DIRECTIONS FOR THIS TASK – Please repeat the data below exactly, with the pictures removed.
[Opening TASK DATA section]
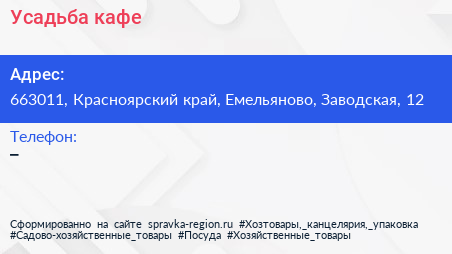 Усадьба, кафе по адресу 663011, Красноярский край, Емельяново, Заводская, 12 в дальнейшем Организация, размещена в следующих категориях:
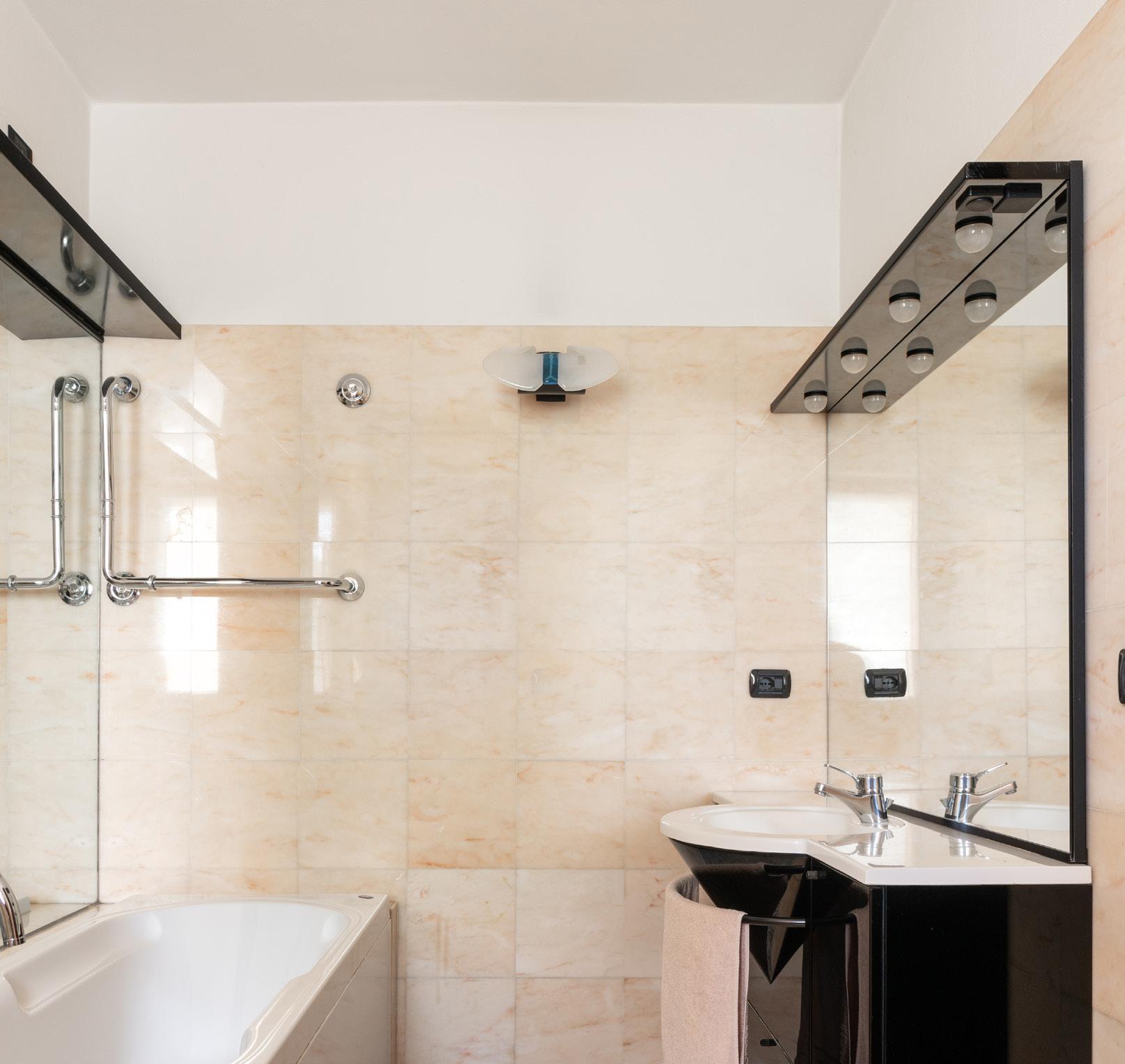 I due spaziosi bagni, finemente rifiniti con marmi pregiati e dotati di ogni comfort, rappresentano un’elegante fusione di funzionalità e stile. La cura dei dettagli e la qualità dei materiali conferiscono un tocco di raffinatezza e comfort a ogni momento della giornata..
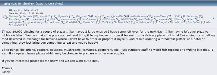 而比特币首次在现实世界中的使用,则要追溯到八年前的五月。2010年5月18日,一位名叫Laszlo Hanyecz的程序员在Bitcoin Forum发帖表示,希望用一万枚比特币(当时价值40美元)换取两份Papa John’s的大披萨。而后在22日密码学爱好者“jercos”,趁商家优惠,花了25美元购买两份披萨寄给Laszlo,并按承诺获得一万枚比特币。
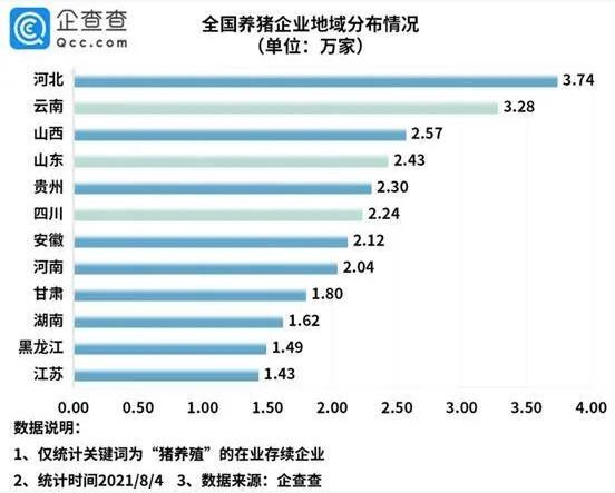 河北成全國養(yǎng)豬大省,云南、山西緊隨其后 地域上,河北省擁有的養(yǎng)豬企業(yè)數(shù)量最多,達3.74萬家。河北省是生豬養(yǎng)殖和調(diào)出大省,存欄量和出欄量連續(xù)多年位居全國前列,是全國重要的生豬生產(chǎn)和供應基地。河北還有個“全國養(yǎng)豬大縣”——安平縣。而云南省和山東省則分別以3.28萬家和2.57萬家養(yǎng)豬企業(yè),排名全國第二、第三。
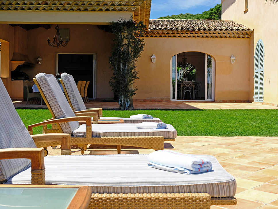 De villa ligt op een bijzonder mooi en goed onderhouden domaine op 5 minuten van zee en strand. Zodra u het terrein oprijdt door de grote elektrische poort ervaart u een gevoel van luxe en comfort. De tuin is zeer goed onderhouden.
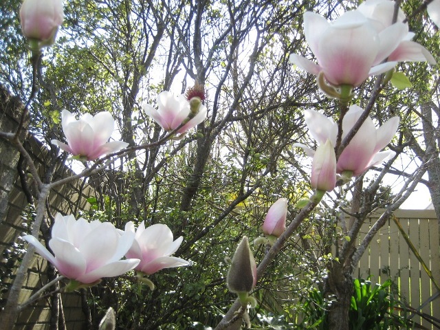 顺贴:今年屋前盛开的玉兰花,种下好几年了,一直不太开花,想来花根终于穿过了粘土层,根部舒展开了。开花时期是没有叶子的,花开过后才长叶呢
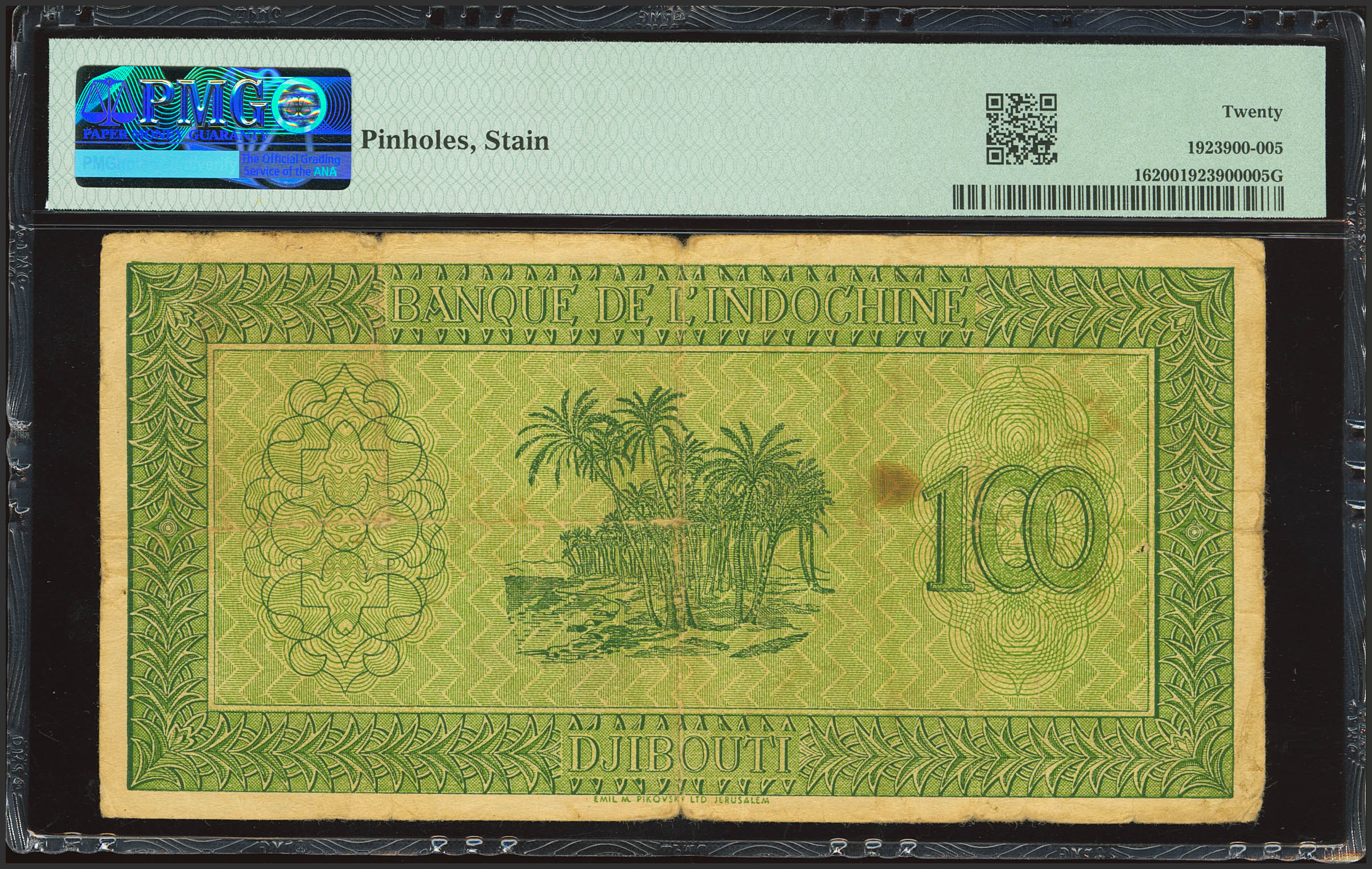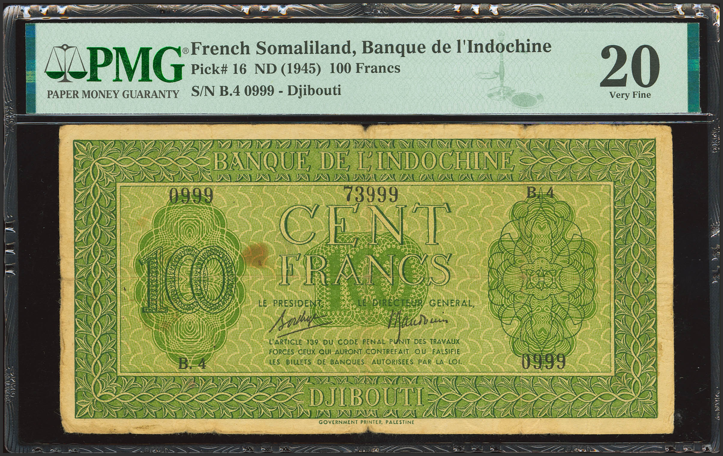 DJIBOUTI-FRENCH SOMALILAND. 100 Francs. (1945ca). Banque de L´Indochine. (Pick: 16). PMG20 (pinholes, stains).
[Closing TASK DATA section]
RESPONSE AREA –
 Усадьба, кафе по адресу 663011, Красноярский край, Емельяново, Заводская, 12 в дальнейшем Организация, размещена в следующих категориях:
 I due spaziosi bagni, finemente rifiniti con marmi pregiati e dotati di ogni comfort, rappresentano un’elegante fusione di funzionalità e stile. La cura dei dettagli e la qualità dei materiali conferiscono un tocco di raffinatezza e comfort a ogni momento della giornata..
 而比特币首次在现实世界中的使用,则要追溯到八年前的五月。2010年5月18日,一位名叫Laszlo Hanyecz的程序员在Bitcoin Forum发帖表示,希望用一万枚比特币(当时价值40美元)换取两份Papa John’s的大披萨。而后在22日密码学爱好者“jercos”,趁商家优惠,花了25美元购买两份披萨寄给Laszlo,并按承诺获得一万枚比特币。
 河北成全國養(yǎng)豬大省,云南、山西緊隨其后 地域上,河北省擁有的養(yǎng)豬企業(yè)數(shù)量最多,達3.74萬家。河北省是生豬養(yǎng)殖和調(diào)出大省,存欄量和出欄量連續(xù)多年位居全國前列,是全國重要的生豬生產(chǎn)和供應基地。河北還有個“全國養(yǎng)豬大縣”——安平縣。而云南省和山東省則分別以3.28萬家和2.57萬家養(yǎng)豬企業(yè),排名全國第二、第三。
 De villa ligt op een bijzonder mooi en goed onderhouden domaine op 5 minuten van zee en strand. Zodra u het terrein oprijdt door de grote elektrische poort ervaart u een gevoel van luxe en comfort. De tuin is zeer goed onderhouden.
 顺贴:今年屋前盛开的玉兰花,种下好几年了,一直不太开花,想来花根终于穿过了粘土层,根部舒展开了。开花时期是没有叶子的,花开过后才长叶呢
 DJIBOUTI-FRENCH SOMALILAND. 100 Francs. (1945ca). Banque de L´Indochine. (Pick: 16). PMG20 (pinholes, stains).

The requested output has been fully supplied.